====== Given data ======

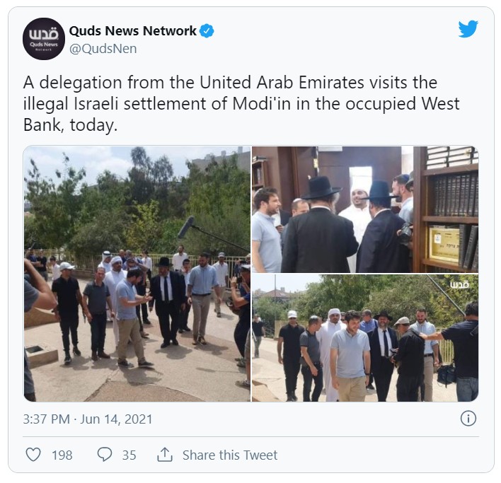 Hundreds of millions of dollars of deals were signed between the two countries, including agreements to sell Israeli settlement goods in the UAE. Last month, an Emirati delegation visited Modiin, an Israeli settlement built on the ruins of Palestinian towns ethnically cleansed in 1948. Part of the settlement also extends into the occupied West Bank.
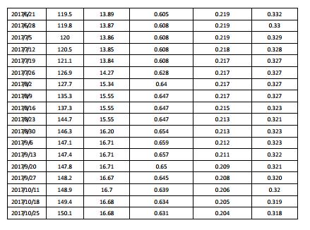2017年9-10月份多晶硅價(jià)格持穩(wěn)微漲,從9月初的14.71萬(wàn)元/噸,上漲到10月底的15.01萬(wàn)元/噸,增幅僅有2.0%,相比7-8月份的價(jià)格漲幅21.9%增速有所放緩。10月份多晶硅均價(jià)14.95萬(wàn)元/噸,環(huán)比增加1.3%。
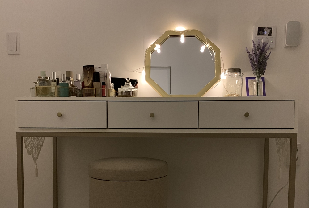 동인비 화장품 샘플에 당첨되어 받은 전구를 화장대 거울에 걸쳐♪ 걸쳐♬

======

**Task prompt**
Your copy should hold all the data word for word. It should hold no pictures.

**Response below**
 Hundreds of millions of dollars of deals were signed between the two countries, including agreements to sell Israeli settlement goods in the UAE. Last month, an Emirati delegation visited Modiin, an Israeli settlement built on the ruins of Palestinian towns ethnically cleansed in 1948. Part of the settlement also extends into the occupied West Bank.
2017年9-10月份多晶硅價(jià)格持穩(wěn)微漲,從9月初的14.71萬(wàn)元/噸,上漲到10月底的15.01萬(wàn)元/噸,增幅僅有2.0%,相比7-8月份的價(jià)格漲幅21.9%增速有所放緩。10月份多晶硅均價(jià)14.95萬(wàn)元/噸,環(huán)比增加1.3%。
 동인비 화장품 샘플에 당첨되어 받은 전구를 화장대 거울에 걸쳐♪ 걸쳐♬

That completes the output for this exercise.